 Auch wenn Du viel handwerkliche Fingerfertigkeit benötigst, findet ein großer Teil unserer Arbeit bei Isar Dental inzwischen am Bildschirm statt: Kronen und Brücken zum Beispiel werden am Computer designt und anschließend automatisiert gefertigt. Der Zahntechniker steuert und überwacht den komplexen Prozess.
☆ ☆ ☆ ☆ ☆
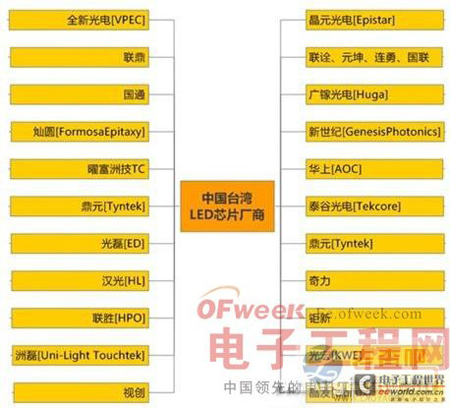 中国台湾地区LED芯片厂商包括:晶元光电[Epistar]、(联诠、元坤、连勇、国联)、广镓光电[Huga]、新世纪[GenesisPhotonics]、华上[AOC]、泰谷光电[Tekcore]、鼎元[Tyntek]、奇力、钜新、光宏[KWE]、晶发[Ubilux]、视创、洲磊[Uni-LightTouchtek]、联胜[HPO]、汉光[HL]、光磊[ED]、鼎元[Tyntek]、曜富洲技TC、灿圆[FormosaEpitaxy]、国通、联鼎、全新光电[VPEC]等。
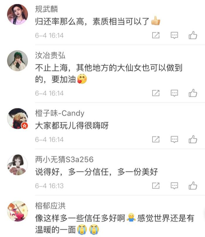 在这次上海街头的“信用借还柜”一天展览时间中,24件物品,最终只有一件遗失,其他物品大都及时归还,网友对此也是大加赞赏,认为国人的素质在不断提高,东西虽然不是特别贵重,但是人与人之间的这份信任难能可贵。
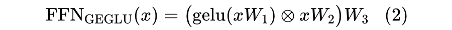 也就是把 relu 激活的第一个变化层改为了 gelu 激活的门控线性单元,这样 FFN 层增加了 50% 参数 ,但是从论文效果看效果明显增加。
☆ ☆ ☆ ☆ ☆
▶ _PROBLEM DETAILS_: Your answer should be the lines above, word for word, from the line with "中国台湾地区LED芯片厂商包" through the line with "也就是把 relu 激活的第一个变化层改为了", minus the pictures.

▶ _RESPONSE TO THIS TASK_:
 中国台湾地区LED芯片厂商包括:晶元光电[Epistar]、(联诠、元坤、连勇、国联)、广镓光电[Huga]、新世纪[GenesisPhotonics]、华上[AOC]、泰谷光电[Tekcore]、鼎元[Tyntek]、奇力、钜新、光宏[KWE]、晶发[Ubilux]、视创、洲磊[Uni-LightTouchtek]、联胜[HPO]、汉光[HL]、光磊[ED]、鼎元[Tyntek]、曜富洲技TC、灿圆[FormosaEpitaxy]、国通、联鼎、全新光电[VPEC]等。
 在这次上海街头的“信用借还柜”一天展览时间中,24件物品,最终只有一件遗失,其他物品大都及时归还,网友对此也是大加赞赏,认为国人的素质在不断提高,东西虽然不是特别贵重,但是人与人之间的这份信任难能可贵。
 也就是把 relu 激活的第一个变化层改为了 gelu 激活的门控线性单元,这样 FFN 层增加了 50% 参数 ,但是从论文效果看效果明显增加。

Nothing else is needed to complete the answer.